Single by Wolfmother

from the album Wolfmother
- Released: 17 June 2006
- Studio: The Sound Factory, Hollywood, California
- Length: 2:56
- Label: Modular
- Songwriters: Andrew Stockdale; Chris Ross; Myles Heskett;
- Producer: Dave Sardy

Wolfmother singles chronology
| "Dimension" (2006) | "Woman" (2006) | "Love Train" (2006) |

Music video
- "Woman" on Vimeo

= Woman (Wolfmother song) =

"Woman" is a song by Australian rock band Wolfmother.

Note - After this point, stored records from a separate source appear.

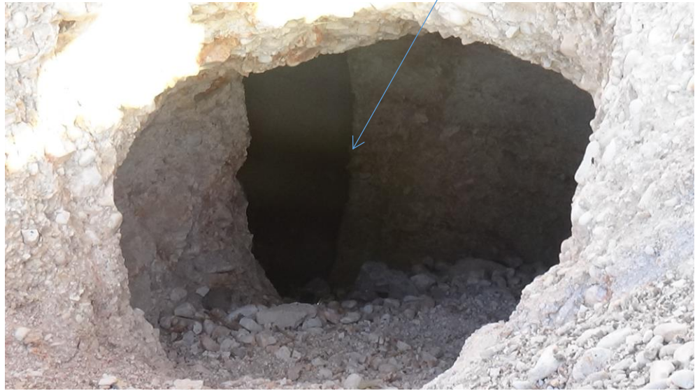
داخل حفرة التنقيب من الجهة الشمالية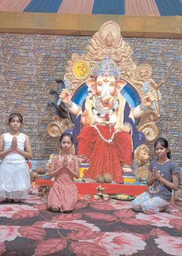
सिध्दी विनायक गणेश उत्सव समिति नदिनी टाऊनशिप मार्केट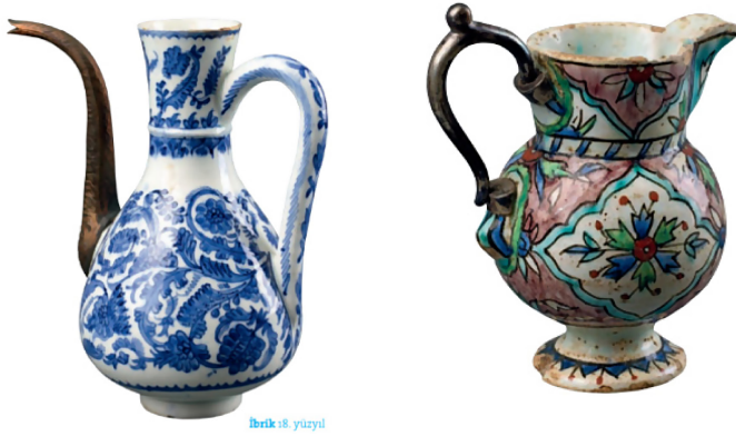
Şekil 3. Kütahya Çinisi, İbrik, 18. yy. İkinci Yarısı Pera Müzesi Koleksiyonu (Sol). Kütahya Çinisi, Sütlük, 18. yy. Pera Müzesi Koleksiyonu (Sağ) (Kutahya Tiles and Ceramics, 2016)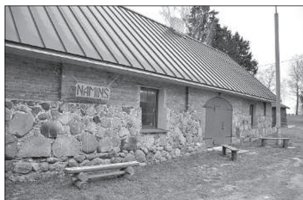
Домик охотничьих трофеев.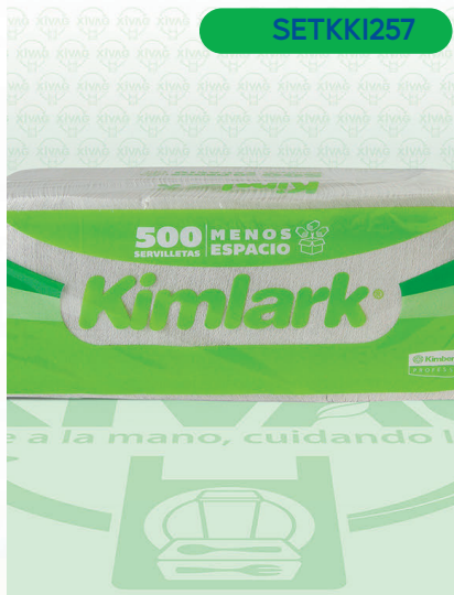
Servilleta Trad Kimlark 500 'sX12

Marca. KIMBERLY - CLARK Precio Paquete. $60.00 Precio de Caja. $696.00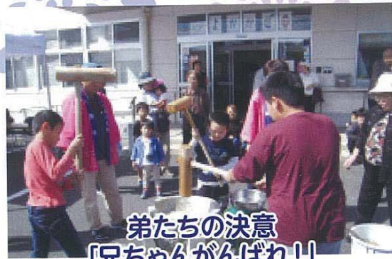
弟たちの決意 「兄ちゃんがんばれ!」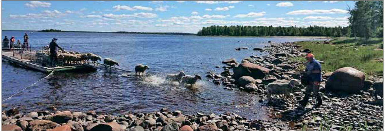
Vapaus koittaa ja kesän ajan lampaat laiduntavat maisemanhoidossa Satakarissa.

Originally released in 2004 from their debut EP Wolfmother, it was released in 2006 as the fourth single from their debut studio album Wolfmother.

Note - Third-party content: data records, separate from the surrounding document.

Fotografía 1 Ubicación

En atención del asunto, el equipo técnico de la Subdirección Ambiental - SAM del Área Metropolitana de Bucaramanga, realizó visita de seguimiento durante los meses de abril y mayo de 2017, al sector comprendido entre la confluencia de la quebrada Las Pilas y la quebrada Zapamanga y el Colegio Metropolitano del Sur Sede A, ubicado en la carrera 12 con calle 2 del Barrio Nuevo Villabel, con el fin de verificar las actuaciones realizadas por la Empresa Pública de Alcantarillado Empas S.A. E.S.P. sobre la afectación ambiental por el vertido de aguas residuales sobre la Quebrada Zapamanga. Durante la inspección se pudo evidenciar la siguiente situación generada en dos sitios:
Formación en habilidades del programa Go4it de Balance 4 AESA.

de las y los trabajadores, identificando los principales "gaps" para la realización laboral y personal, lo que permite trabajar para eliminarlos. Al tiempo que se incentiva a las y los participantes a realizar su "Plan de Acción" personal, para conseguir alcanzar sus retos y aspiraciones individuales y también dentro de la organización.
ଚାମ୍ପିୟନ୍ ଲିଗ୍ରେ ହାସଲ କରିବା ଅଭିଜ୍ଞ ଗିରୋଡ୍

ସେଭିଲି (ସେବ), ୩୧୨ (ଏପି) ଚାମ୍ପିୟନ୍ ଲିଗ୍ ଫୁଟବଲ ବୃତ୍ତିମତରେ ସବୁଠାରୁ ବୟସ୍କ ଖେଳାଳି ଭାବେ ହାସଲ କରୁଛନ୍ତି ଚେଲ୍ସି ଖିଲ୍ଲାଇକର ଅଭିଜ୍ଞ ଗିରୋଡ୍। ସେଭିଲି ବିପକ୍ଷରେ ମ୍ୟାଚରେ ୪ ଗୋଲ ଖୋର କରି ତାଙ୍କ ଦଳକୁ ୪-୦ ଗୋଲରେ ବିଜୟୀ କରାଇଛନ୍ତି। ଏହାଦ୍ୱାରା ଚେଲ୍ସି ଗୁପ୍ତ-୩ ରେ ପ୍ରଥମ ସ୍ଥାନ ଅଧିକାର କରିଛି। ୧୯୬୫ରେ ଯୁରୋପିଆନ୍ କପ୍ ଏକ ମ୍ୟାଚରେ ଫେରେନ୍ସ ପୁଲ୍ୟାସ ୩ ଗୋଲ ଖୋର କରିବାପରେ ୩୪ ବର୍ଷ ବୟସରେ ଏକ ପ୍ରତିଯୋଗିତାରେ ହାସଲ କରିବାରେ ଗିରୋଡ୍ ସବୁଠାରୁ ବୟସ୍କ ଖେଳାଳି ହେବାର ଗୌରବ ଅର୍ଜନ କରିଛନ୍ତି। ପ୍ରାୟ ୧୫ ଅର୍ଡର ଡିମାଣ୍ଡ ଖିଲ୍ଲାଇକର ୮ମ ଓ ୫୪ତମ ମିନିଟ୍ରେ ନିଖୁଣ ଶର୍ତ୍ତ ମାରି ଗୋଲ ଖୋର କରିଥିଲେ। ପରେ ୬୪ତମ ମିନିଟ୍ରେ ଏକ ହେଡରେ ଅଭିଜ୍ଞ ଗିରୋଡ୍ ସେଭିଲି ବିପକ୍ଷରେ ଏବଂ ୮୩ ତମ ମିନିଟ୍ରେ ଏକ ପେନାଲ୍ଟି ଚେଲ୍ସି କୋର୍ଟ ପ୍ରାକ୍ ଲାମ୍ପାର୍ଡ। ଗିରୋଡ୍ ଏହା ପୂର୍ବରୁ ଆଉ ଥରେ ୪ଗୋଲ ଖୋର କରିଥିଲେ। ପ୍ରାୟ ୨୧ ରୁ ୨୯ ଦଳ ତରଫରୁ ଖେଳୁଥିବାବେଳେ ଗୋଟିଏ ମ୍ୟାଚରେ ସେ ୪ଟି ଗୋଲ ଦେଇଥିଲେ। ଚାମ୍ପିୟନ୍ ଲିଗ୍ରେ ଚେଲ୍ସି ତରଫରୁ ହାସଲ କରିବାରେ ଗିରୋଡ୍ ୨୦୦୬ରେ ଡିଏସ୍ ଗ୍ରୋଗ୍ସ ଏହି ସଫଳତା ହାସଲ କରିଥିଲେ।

In Australia, the original recording of the song was ranked number 45 on Triple J's Hottest 100 of 2004.

The song peaked at number 7 on the Billboard Mainstream Rock Tracks chart and number 10 on the Modern Rock Tracks chart.

In 2007, it won the award for Best Hard Rock Performance at the 49th Annual Grammy Awards.

==Content==
Singer Andrew Stockdale said the song was inspired both by his girlfriend, and the overall impression of living in Sydney, "this beautiful city in the harbor."

==Track listings==
All songs written by Andrew Stockdale, Chris Ross and Myles Heskett.
- Australian CD
1. "Woman"
2. "Woman" (MSTRKRFT remix)
3. "Woman" (Avalanches remix)
4. "Dimension" (live at Big Day Out)
- Australian 7" vinyl
5. "Woman
6. "Colossal" (live at Big Day Out)
- United Kingdom CD
7. "Woman"
8. "Dimension" (live at Big Day Out)
9. "Vagabond" (acoustic version)
10. "Woman" (music video)
- United Kingdom 7" vinyl
11. "Woman"
12. "Woman" (Avalanches remix)
- United Kingdom 12" picture disc
13. "Woman"
14. "Woman" (MSTRKRFT remix)

==Charts==

===Weekly charts===

Weekly chart performance for "Woman"
| Chart (2006) | Peak position |
|---|---|
| Australia (ARIA) | 34 |
| Canada Rock Top 30 (Radio & Records) | 3 |
| Scotland Singles (Official Charts) | 19 |
| UK Singles (Official Charts) | 31 |
| UK Rock & Metal (Official Charts) | 2 |
| US Bubbling Under Hot 100 (Billboard) | 12 |
| US Alternative Airplay (Billboard) | 10 |
| US Mainstream Rock (Billboard) | 7 |

===Year-end charts===

Year-end chart performance for "Woman"
| Chart (2006) | Position |
|---|---|
| Canada Rock (Radio & Records) | 6 |
| US Alternative Songs (Billboard) | 36 |
| US Mainstream Rock Songs (Billboard) | 30 |

==Certifications==

Certifications for "Woman"
| Region | Certification | Certified units/sales |
| United Kingdom (BPI) | Silver | 200,000^{‡} |
^{‡} Sales+streaming figures based on certification alone.

==APRA Award==
- 2008 Most Played Australian Work Overseas APRA Award for "Woman", written by Stockdale, Ross and Heskett, was presented by Australasian Performing Right Association.

==In popular culture==
"Woman" was featured in the soundtracks of 2006 video games Major League Baseball 2K7, MotorStorm, Madden NFL 07, Tony Hawk's Project 8, and Pure, as well as a remix in Juiced 2: Hot Import Nights in 2007. It is a playable song in Guitar Hero II and in Guitar Hero Smash Hits. It was featured in the 2008 video game Saints Row 2 as a track in one of its in-game radio stations.